5-(1-Benzyl-piperidin-4-yl)-3H-[1,3,4]oxadiazole-2-thione (10b)

Was synthesized according to the synthesis described for compound 10a, starting from 8b: slightly beige crystals (34%); mp = 220 °C; R_f (chloroform/methanol = 4/1): 0.4; the NMR- and MS-data agreed with literature⁶¹. Anal. (C₁₄H₁₇N₃OS) C, H, N, S.

5-Dimethylaminomethyl-3H-[1,3,4]oxadiazole-2-thione (10c)
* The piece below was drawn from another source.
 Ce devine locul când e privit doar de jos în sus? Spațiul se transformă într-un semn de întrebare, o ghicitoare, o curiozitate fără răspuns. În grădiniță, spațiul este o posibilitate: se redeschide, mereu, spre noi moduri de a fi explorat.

Starting from 8c the compound was synthesized as described in procedure E. The mixture was poured onto water and extracted with ethyl acetate at pH 7. The combined organic extracts were dried (Na₂SO₄), the solvent was removed under vacuo and the residue chromatographed: beige crystals (5%); mp = 119 °C; R_f (ethyl acetate): 0.08; ¹H NMR (DMSO-d₆) δ 7.45 (d, 1H, IndH), 2.31 (s, 6H, N(CH₃)₂), 3.71 (s, 2H, CH₂); ¹³C NMR (DMSO-d₆) δ 44.38 (CH₃), 52.11 (CH₂), 53.02 (2CH₂), 160.35 (Cq), 178.80 (Cq); EI-MS m/z 159 (M⁺). Anal. (C₅H₉N₃OS) C, H, N.
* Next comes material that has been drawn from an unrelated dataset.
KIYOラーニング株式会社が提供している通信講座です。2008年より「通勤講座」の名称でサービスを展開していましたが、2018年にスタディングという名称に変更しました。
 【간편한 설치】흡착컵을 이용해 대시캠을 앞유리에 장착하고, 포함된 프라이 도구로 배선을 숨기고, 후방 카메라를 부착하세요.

5-Cyclohexyl-3H-[1,3,4]oxadiazole-2-thione (10d)

Starting from 8d compound 10d was prepared according to procedure E, and chromatographed: slightly yellow crystals (46%); mp = 81 °C; R_f (petroleum ether/ethyl acetate = 5/1): 0.3; ¹H NMR (DMSO-d₆) δ 1.14–1.48 (m, 5H, 5CH), 1.57–1.71 (m, 3H, 3CH), 1.90–1.93 (m, 2H, 2CH), 2.74–2.84 (m, 1H, CH), 14.32 (s, 1H, NH); ¹³C NMR (DMSO-d₆) δ 24.79 (2CH₂), 25.34 (CH₂), 29.05 (2CH₂), 34.44 (CH), 167.10 (Cq), 177.87 (Cq); EI-MS m/z 184 (M⁺). Anal. (C₈H₁₂N₂OS) C, H, N.

5-Methyl-3H-[1,3,4]oxadiazole-2-thione (10e)

Starting from 8e compound 10e was prepared according to procedure E, and chromatographed: white crystals (17%); mp = 78 °C⁶⁴; R_f (petroleum ether/ethyl acetate = 5/1): 0.1; NMR data agreed with literature⁶⁵. EI-MS m/z 117 (M⁺+1). Anal. (C₃H₄N₂OS) C, H, N.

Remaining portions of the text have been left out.